* [WHAT THE EXERCISE ASKS]:
Nothing but an exact copy is asked for: the lines in the material below from the one with "FollowMe firmata da" through the one with "The 2 bedrooms", pictures excluded.

* [LISTED ENTRIES]:

######

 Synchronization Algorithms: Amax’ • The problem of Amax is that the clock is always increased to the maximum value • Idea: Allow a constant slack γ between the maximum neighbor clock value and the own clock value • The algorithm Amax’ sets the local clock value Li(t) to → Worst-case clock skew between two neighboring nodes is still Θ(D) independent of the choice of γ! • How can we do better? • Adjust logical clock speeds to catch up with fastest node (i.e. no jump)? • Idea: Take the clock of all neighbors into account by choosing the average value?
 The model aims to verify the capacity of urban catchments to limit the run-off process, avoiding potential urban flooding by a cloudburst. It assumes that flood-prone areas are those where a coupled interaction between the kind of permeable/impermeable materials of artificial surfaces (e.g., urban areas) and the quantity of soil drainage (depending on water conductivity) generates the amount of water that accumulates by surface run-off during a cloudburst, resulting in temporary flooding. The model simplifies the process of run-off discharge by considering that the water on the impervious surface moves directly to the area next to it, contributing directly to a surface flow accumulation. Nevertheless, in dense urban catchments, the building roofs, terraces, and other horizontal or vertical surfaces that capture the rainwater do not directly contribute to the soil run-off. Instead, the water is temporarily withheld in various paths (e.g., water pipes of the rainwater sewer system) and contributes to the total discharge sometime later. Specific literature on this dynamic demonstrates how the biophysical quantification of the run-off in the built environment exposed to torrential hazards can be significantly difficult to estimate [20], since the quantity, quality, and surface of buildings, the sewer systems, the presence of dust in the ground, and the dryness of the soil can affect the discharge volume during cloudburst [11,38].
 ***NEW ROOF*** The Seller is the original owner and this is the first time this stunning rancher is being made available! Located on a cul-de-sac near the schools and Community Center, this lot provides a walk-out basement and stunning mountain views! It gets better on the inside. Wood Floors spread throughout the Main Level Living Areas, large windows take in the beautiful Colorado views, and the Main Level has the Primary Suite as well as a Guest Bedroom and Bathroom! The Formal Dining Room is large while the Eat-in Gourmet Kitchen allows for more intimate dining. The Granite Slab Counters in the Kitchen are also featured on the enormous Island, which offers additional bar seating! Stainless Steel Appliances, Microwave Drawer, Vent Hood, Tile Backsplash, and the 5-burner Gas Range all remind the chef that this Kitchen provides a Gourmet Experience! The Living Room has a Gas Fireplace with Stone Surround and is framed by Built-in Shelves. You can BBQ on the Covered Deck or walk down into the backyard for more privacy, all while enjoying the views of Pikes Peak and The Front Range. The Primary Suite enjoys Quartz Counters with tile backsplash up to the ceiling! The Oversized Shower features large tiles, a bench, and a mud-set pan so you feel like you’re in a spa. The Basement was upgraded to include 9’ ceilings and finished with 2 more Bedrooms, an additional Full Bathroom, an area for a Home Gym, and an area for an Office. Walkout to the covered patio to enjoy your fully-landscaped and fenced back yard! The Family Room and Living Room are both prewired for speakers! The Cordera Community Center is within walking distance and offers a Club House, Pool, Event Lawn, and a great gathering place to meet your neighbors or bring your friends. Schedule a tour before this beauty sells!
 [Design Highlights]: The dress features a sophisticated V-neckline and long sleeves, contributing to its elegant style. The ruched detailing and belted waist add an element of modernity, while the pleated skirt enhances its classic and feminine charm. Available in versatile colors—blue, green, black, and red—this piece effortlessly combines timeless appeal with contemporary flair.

######

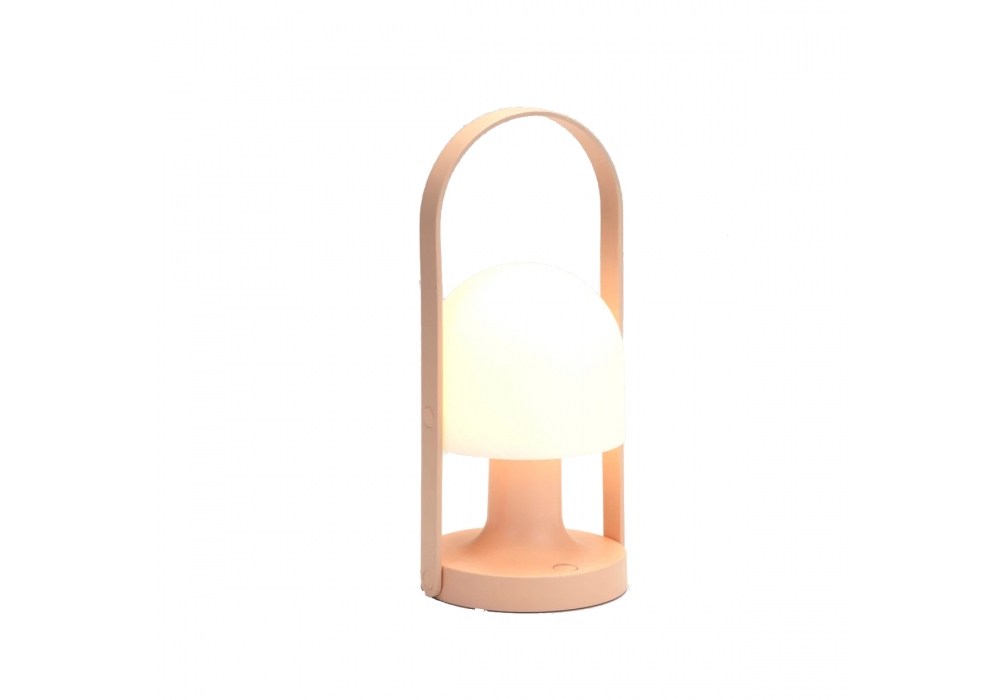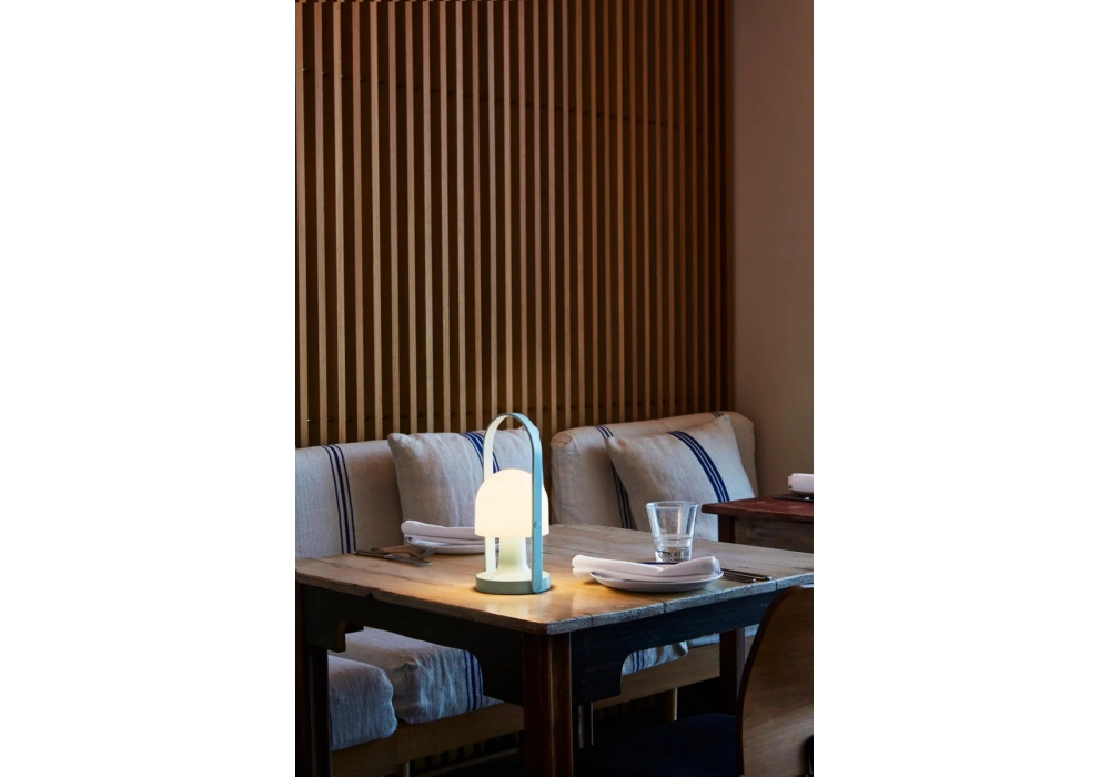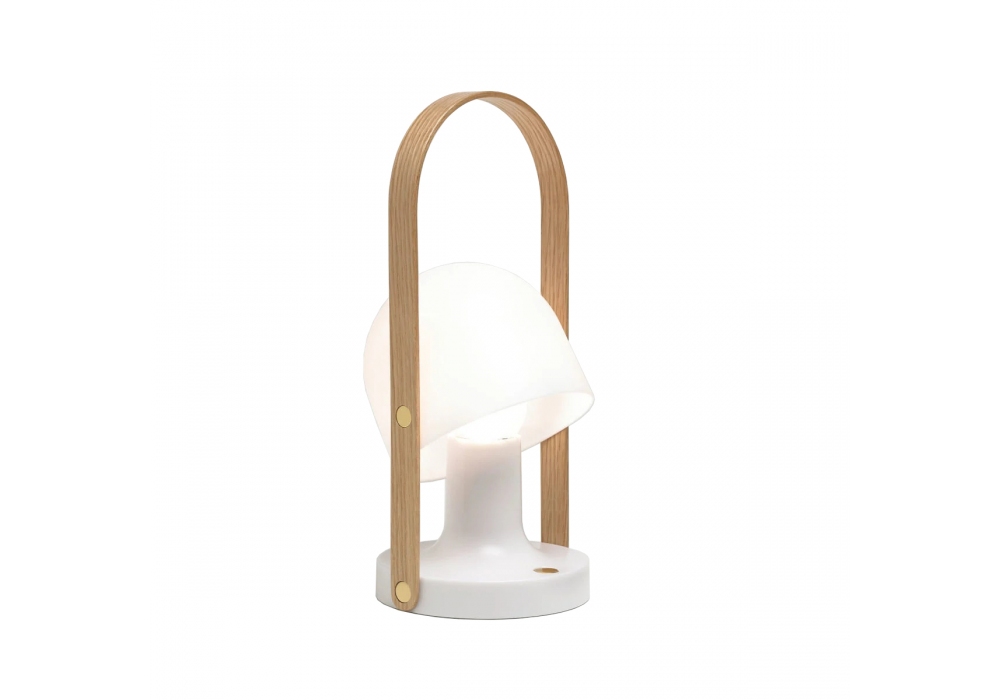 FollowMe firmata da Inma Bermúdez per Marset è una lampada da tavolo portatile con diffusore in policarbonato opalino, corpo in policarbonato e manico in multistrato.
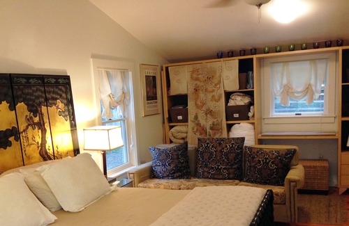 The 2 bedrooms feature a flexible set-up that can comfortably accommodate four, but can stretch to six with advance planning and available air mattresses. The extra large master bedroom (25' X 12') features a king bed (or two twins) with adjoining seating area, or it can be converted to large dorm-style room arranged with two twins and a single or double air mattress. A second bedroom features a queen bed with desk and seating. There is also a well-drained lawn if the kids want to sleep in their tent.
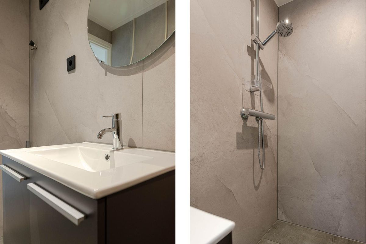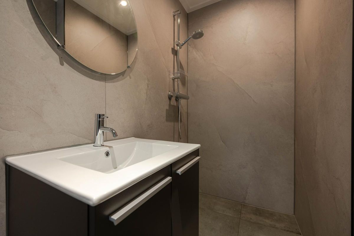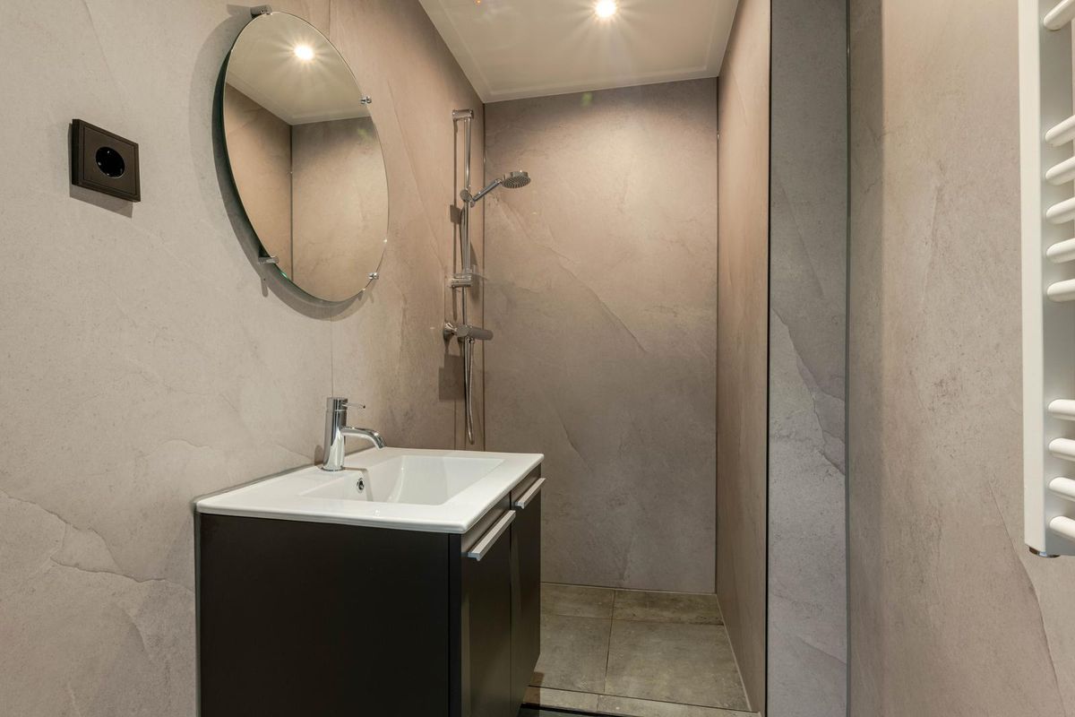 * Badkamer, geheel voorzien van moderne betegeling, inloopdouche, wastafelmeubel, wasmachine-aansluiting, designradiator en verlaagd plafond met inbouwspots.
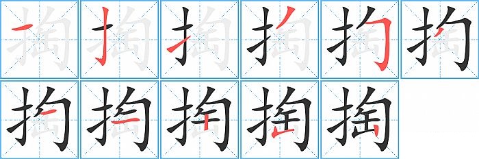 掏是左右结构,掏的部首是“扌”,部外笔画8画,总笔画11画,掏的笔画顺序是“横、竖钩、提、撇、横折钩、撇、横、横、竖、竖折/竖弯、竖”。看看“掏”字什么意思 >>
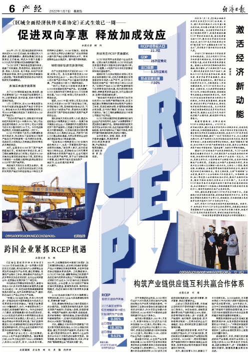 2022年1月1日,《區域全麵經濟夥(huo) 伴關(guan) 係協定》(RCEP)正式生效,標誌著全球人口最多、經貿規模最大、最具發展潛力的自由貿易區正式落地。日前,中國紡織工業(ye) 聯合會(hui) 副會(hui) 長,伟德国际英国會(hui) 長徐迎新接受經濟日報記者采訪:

######

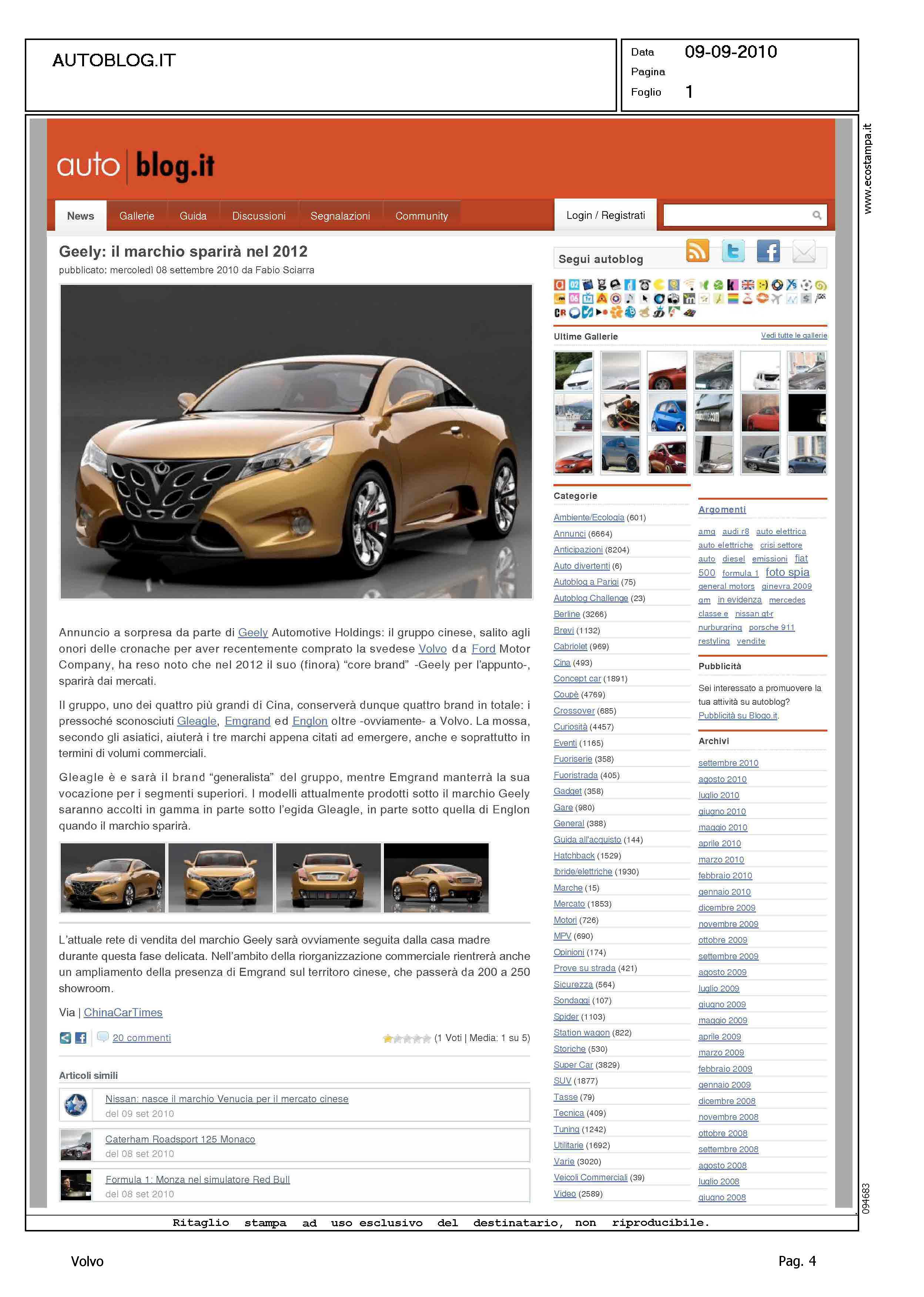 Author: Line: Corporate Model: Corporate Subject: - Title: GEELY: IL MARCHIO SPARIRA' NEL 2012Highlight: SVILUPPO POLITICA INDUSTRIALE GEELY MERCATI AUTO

######

* [YOUR SOLUTION]:
 FollowMe firmata da Inma Bermúdez per Marset è una lampada da tavolo portatile con diffusore in policarbonato opalino, corpo in policarbonato e manico in multistrato.
 The 2 bedrooms feature a flexible set-up that can comfortably accommodate four, but can stretch to six with advance planning and available air mattresses. The extra large master bedroom (25' X 12') features a king bed (or two twins) with adjoining seating area, or it can be converted to large dorm-style room arranged with two twins and a single or double air mattress. A second bedroom features a queen bed with desk and seating. There is also a well-drained lawn if the kids want to sleep in their tent.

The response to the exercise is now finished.